By Mike Pietig, vice president of healthcare experience, Avtex.

Mike Pietig

Communication is core to delivering exceptional patient experiences every day. In the midst of the COVID-19 crisis, and as patients and their providers slowly move forward, communication is as critical as ever.

Now is the time for providers to review how they’ve traditionally communicated with patients and what adjustments can be made to improve communications in the future. The deferring and cancelation of elective services has resulted in millions of lost revenue, putting even tighter constraints on marketing budgets, so a communications review is imperative.

An alarming 81% of consumers are unsatisfied with their healthcare experience, according to recent research by Prophet. When providers enhance communication as part of the patient experience (PX), the outcomes include improved patent retention, new patient acquisition, increased utilization of health system services, and more.

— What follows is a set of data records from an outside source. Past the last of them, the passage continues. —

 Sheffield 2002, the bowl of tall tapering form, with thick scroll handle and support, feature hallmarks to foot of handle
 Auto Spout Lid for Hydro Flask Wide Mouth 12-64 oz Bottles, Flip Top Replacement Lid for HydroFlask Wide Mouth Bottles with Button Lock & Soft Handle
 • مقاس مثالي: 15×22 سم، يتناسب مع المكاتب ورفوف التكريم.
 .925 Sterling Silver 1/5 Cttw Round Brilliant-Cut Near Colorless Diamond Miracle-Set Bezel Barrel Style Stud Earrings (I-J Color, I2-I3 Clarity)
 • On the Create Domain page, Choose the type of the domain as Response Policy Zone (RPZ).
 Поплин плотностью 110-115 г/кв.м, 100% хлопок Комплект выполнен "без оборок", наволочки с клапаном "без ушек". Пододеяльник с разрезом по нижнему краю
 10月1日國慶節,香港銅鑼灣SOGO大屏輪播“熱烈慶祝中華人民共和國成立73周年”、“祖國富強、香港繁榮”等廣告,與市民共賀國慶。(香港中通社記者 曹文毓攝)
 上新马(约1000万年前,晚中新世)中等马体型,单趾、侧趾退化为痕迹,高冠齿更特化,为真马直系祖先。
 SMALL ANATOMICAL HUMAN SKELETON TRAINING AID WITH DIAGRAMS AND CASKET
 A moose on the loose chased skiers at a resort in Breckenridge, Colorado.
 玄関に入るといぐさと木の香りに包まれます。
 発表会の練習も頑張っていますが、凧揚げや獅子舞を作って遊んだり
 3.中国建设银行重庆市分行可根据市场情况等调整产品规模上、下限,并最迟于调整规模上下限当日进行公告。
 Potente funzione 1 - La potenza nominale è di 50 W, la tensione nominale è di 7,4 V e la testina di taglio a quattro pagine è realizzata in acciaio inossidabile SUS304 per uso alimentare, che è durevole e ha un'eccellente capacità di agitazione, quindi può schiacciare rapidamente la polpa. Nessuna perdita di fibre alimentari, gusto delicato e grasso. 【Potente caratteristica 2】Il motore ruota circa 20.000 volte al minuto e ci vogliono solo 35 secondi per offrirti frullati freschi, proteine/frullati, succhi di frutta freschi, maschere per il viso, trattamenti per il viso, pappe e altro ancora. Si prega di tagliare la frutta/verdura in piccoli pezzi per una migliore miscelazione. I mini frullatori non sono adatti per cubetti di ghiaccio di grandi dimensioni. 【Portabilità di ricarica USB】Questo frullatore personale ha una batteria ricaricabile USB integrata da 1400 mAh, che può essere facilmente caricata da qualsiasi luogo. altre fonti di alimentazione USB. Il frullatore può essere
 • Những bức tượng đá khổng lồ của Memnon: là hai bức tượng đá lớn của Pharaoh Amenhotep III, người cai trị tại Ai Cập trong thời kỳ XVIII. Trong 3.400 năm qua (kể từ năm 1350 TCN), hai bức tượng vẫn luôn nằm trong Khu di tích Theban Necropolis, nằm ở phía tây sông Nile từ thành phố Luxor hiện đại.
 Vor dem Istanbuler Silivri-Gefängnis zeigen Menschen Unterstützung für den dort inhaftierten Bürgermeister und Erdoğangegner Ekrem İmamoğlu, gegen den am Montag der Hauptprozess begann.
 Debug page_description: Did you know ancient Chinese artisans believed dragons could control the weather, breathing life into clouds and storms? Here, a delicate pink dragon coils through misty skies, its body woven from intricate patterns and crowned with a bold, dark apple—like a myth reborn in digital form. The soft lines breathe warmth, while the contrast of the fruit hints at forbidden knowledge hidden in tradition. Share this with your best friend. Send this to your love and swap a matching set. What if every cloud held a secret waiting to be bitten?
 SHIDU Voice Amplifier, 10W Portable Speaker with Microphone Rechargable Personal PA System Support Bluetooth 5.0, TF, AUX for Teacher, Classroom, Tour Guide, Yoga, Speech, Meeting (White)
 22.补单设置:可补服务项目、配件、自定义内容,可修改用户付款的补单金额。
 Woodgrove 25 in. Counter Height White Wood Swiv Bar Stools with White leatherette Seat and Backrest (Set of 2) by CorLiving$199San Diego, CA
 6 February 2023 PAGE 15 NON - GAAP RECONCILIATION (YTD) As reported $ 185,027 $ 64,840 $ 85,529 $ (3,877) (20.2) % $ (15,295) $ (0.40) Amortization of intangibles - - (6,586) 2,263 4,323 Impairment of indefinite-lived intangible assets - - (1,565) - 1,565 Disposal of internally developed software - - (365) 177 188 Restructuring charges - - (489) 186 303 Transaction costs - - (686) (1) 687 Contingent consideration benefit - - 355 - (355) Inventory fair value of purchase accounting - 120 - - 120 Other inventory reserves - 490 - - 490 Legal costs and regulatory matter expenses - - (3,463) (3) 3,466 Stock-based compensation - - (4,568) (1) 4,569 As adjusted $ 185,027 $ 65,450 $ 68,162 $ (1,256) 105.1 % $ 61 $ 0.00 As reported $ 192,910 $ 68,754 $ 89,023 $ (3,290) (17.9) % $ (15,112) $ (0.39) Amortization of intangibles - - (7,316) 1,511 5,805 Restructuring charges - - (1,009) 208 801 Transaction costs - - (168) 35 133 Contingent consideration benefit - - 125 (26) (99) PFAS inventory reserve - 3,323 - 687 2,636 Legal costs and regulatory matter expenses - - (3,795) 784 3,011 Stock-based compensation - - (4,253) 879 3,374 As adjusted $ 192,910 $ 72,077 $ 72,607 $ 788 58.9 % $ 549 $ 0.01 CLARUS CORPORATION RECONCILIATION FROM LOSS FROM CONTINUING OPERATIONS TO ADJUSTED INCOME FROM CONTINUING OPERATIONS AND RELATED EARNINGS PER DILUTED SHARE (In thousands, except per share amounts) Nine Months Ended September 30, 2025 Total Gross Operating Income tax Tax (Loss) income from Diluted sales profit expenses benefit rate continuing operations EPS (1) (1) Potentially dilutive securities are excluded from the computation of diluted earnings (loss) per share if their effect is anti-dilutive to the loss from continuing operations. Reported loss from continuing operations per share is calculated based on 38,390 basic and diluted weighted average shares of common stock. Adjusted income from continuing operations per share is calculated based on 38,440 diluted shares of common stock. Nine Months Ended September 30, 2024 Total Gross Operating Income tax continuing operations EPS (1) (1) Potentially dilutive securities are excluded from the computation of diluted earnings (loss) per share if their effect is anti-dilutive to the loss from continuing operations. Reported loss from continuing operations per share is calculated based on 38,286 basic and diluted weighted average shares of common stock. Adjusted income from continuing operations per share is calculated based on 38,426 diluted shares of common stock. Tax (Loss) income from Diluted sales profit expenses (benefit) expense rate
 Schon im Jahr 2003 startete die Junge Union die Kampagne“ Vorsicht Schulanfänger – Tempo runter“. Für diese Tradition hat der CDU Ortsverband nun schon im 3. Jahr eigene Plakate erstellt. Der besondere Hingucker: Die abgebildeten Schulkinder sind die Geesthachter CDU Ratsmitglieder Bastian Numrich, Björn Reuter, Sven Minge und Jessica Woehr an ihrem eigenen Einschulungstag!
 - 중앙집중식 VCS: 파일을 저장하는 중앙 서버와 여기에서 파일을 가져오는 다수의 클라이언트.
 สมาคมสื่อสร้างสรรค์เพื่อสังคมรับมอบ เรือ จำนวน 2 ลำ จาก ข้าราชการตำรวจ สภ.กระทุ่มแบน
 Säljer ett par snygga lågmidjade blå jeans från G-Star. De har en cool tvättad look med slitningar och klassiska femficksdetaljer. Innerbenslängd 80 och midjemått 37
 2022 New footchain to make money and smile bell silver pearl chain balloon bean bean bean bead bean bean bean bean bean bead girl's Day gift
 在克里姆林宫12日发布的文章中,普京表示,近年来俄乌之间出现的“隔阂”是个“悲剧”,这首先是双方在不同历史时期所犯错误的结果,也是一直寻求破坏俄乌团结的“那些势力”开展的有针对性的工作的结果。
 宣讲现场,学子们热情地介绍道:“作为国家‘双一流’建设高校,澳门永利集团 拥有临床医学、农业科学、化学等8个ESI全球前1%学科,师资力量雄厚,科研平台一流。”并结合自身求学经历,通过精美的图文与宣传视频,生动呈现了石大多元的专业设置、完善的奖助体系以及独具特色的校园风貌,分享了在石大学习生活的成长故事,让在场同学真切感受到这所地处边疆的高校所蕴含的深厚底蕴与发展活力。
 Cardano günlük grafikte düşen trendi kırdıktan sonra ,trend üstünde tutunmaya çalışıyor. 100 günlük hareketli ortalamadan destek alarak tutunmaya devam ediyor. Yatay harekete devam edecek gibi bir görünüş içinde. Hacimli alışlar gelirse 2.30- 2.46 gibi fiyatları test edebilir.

Well-planned and personalized communication ranks highest in importance in the patient experience, by the patients themselves. More effective communication increases patient engagement opportunities, reduces the volume of incoming calls that the organization is receiving (which helps staff focus on the highest priority items and the most critical patients), and lowers the cost to serve patients and maximize resource utilization, which is especially important now, given COVID has put intense strain on providers’ resources and finances.

To survive and thrive in the new norm, it’s time for providers to modernize their communications approach.

Learn the patients’ communication channel of choice.

Historically in healthcare, outreach has been focused on billboards, direct mail and tv/radio ads as the main communication channels in between face-to-face visits. These marketing blasts are nearly impossible to track for return on investment and do nothing for patient retention. Patients live in a digital world and expect digital outreach.